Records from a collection
- Opening Delimiter -
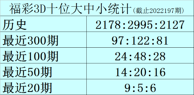 198期黑天鹅福彩3D预测奖号:大中小号遗漏分析
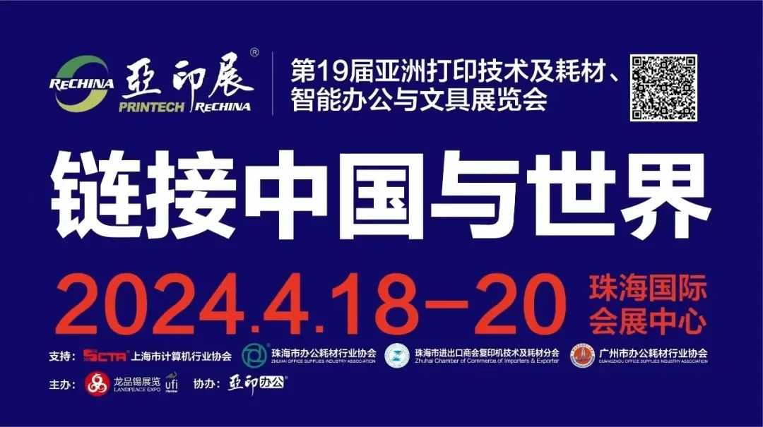 ReChina亚洲打印技术及耗材展览会,于2004年创立于上海,并连续18届在上海和深圳成功举行。近二十年来,为数以万计的全球打印、办公及耗材行业厂商提供交流交易和品牌传播服务,影响深远。第19届亚印展,由上海市计算机行业协会、珠海市打印设备及耗材行业协会、珠海市进出口商会复印机技术及耗材分会和广州市办公耗材行业协会等支持,上海龙品锡展览有限公司主办、珠海龙品锡亚印展览有限公司承办,亚印办公合办。同期举办,2024中国打印技术及耗材营销论坛、2024亚印展新品发布会等论坛及活动。
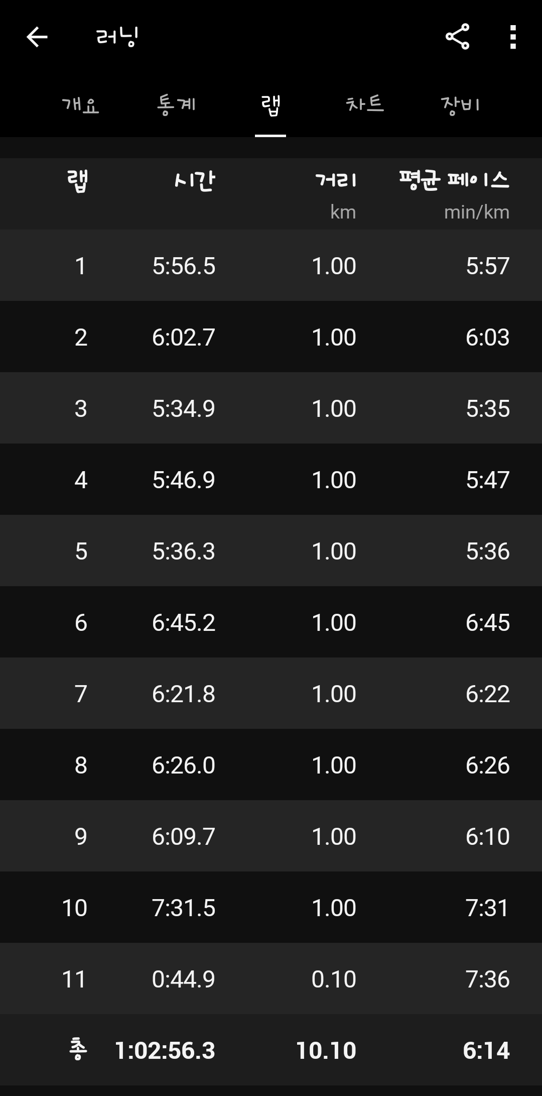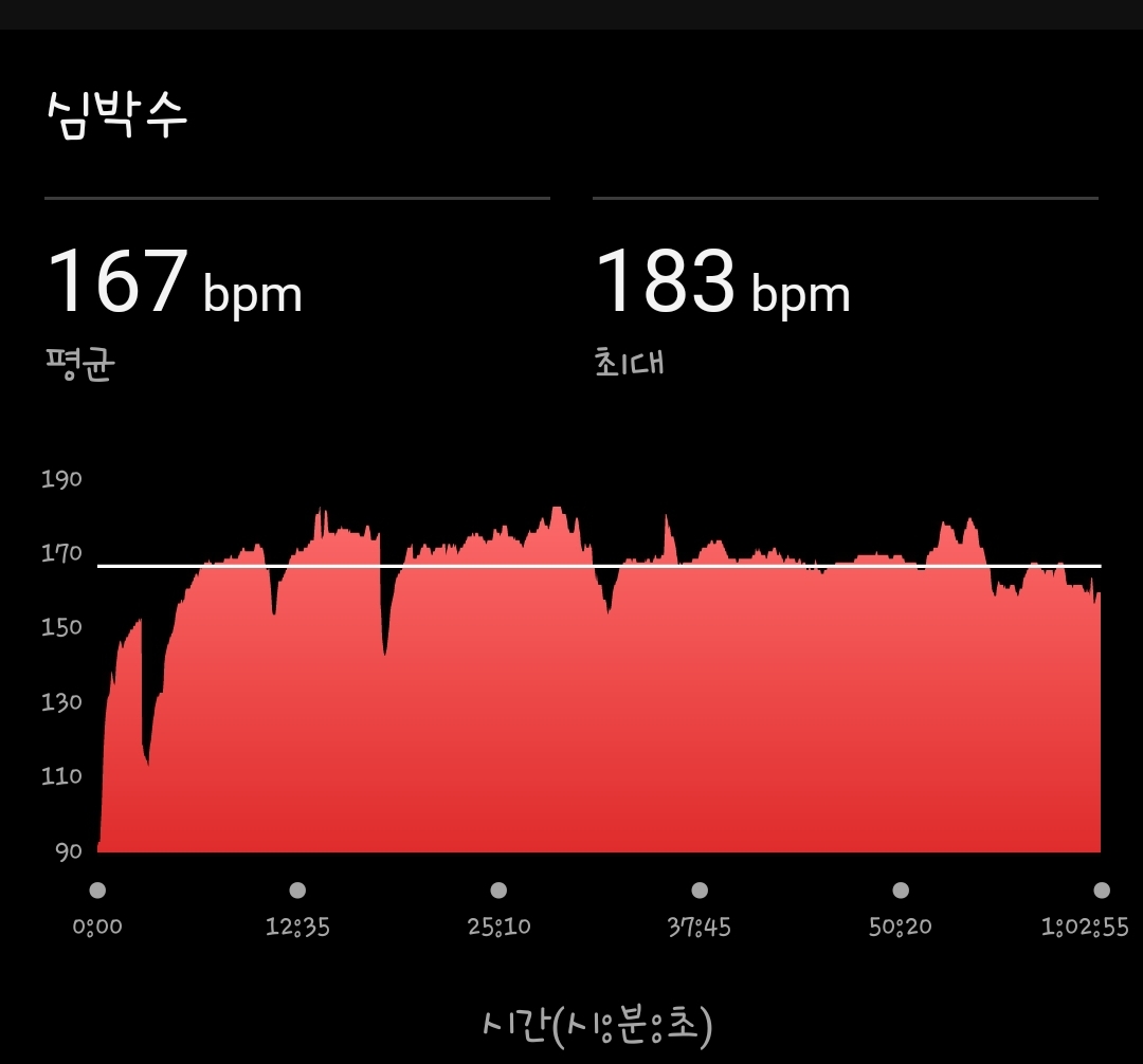 초반에 날씨가 좋은 줄 알고 신나서 뛰었다가 후반에 땀 때문에 추웠다.
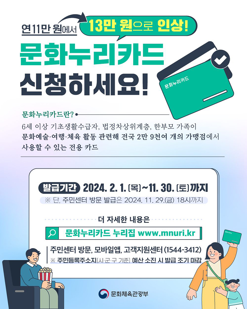 - 문화누리카드 지원
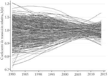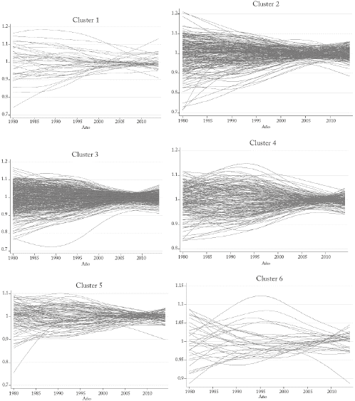 Los resultados anteriores son consistentes con la evidencia presentada en el Gráfico 1, el cual presenta el parámetro hit, mostrando la trayectoria de los factores que generan crecimiento y están asociados específicamente a cada municipio, relativo a los factores que son comunes a todos los municipios. Bajo la existencia de convergencia se debería observar que hit ( 1, para todo municipio i, cuando t es lo suficientemente grande. Aunque para el periodo completo no se observa ese comportamiento, la variabilidad entre las diferentes series de tiempo en los últimos años se reduce.
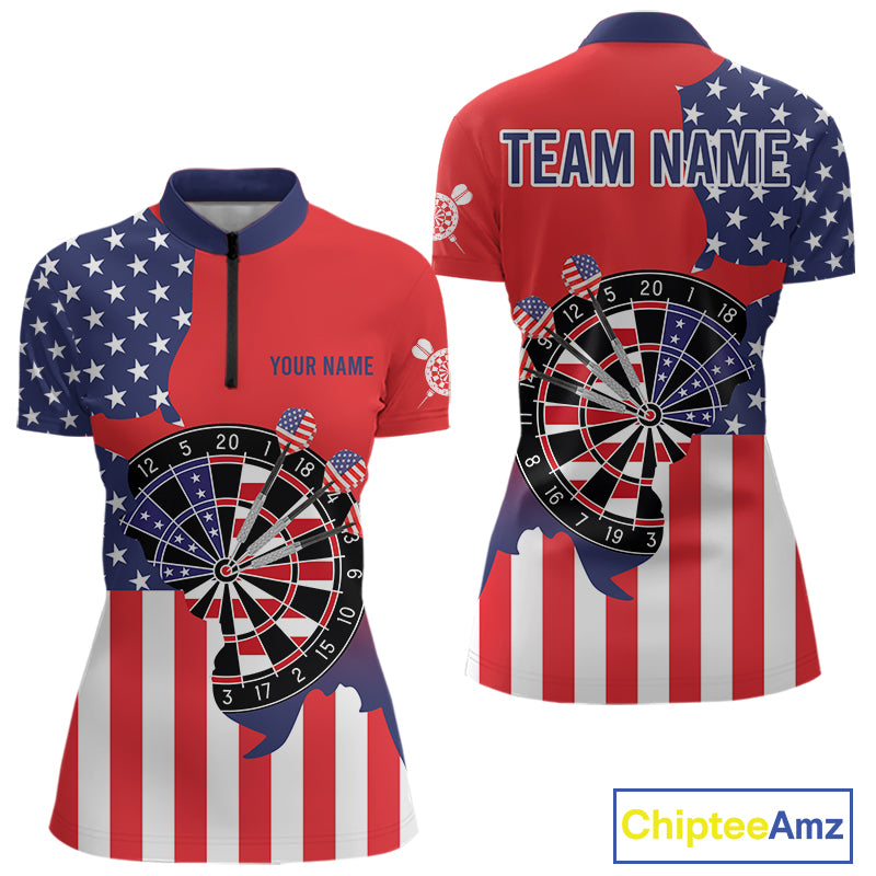 American Flag Dartboard Patriotic Darts Shirt For Women Custom Darts Team Jersey Polo & 1/4 Zip TDM4608
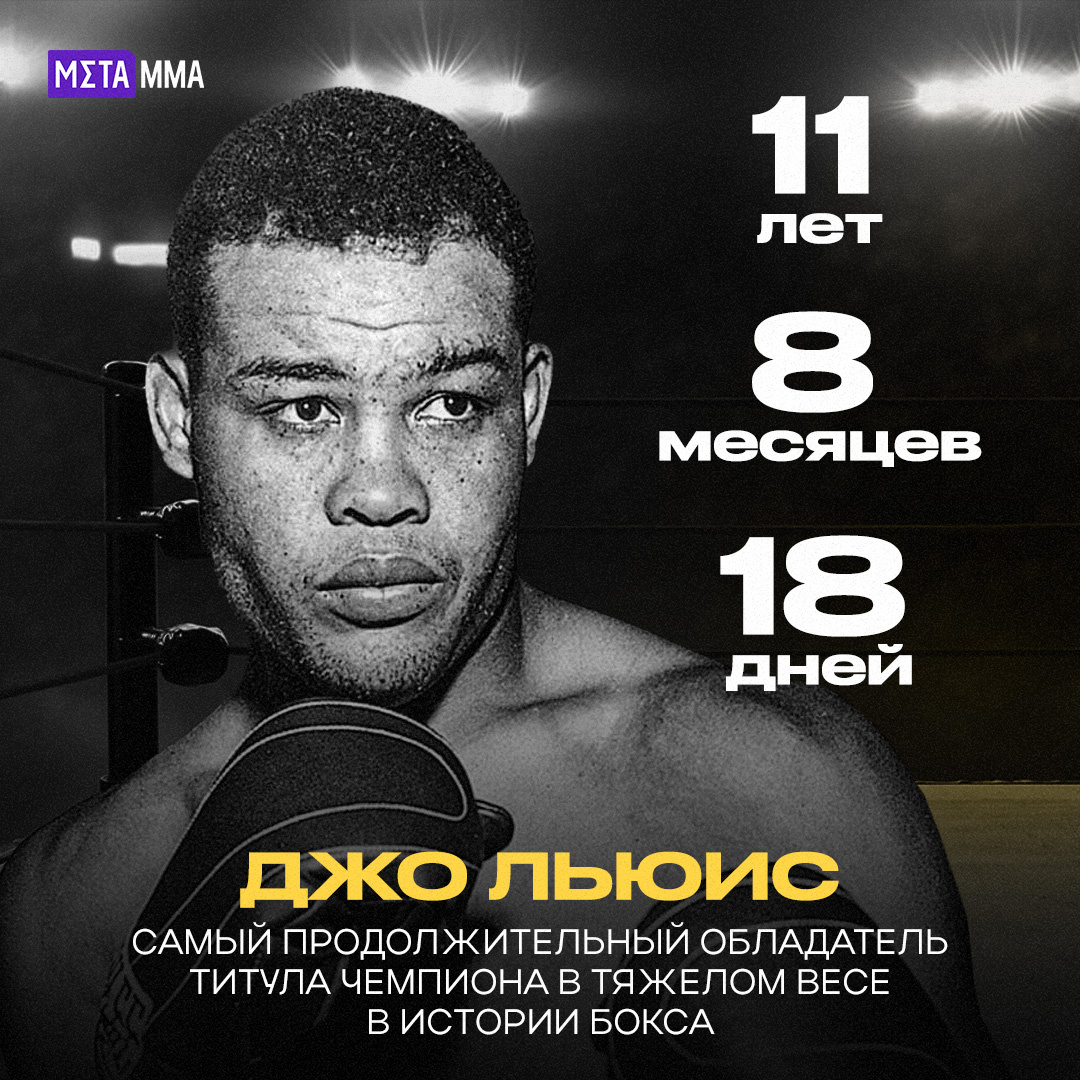 🔥🥊Самым продолжительным обладателем титула чемпиона мира в тяжелом весе в истории бокса является Джо Льюис, который удерживал титул чемпиона мира в тяжелом весе 11 лет, 8 месяцев и 18 дней! (с 22 июня 1937 года по 1 марта 1949 года) За время своего правления Джо Льюис защищал титул чемпиона мира 25 раз, что является рекордом, который сохраняется и по сей день. Это невероятное достижение укрепило его репутацию одного из величайших чемпионов тяжелого веса в истории бокса Легенда! 👑
- Closing Delimiter -
▶ **Work order**
Could you repeat, exactly and with nothing added, the lines from the top of the entries above through the line that holds "American Flag Dartboard", leaving out any pictures?

▶ **Answer to this problem**
 198期黑天鹅福彩3D预测奖号:大中小号遗漏分析
 ReChina亚洲打印技术及耗材展览会,于2004年创立于上海,并连续18届在上海和深圳成功举行。近二十年来,为数以万计的全球打印、办公及耗材行业厂商提供交流交易和品牌传播服务,影响深远。第19届亚印展,由上海市计算机行业协会、珠海市打印设备及耗材行业协会、珠海市进出口商会复印机技术及耗材分会和广州市办公耗材行业协会等支持,上海龙品锡展览有限公司主办、珠海龙品锡亚印展览有限公司承办,亚印办公合办。同期举办,2024中国打印技术及耗材营销论坛、2024亚印展新品发布会等论坛及活动。
 초반에 날씨가 좋은 줄 알고 신나서 뛰었다가 후반에 땀 때문에 추웠다.
 - 문화누리카드 지원
 Los resultados anteriores son consistentes con la evidencia presentada en el Gráfico 1, el cual presenta el parámetro hit, mostrando la trayectoria de los factores que generan crecimiento y están asociados específicamente a cada municipio, relativo a los factores que son comunes a todos los municipios. Bajo la existencia de convergencia se debería observar que hit ( 1, para todo municipio i, cuando t es lo suficientemente grande. Aunque para el periodo completo no se observa ese comportamiento, la variabilidad entre las diferentes series de tiempo en los últimos años se reduce.
 American Flag Dartboard Patriotic Darts Shirt For Women Custom Darts Team Jersey Polo & 1/4 Zip TDM4608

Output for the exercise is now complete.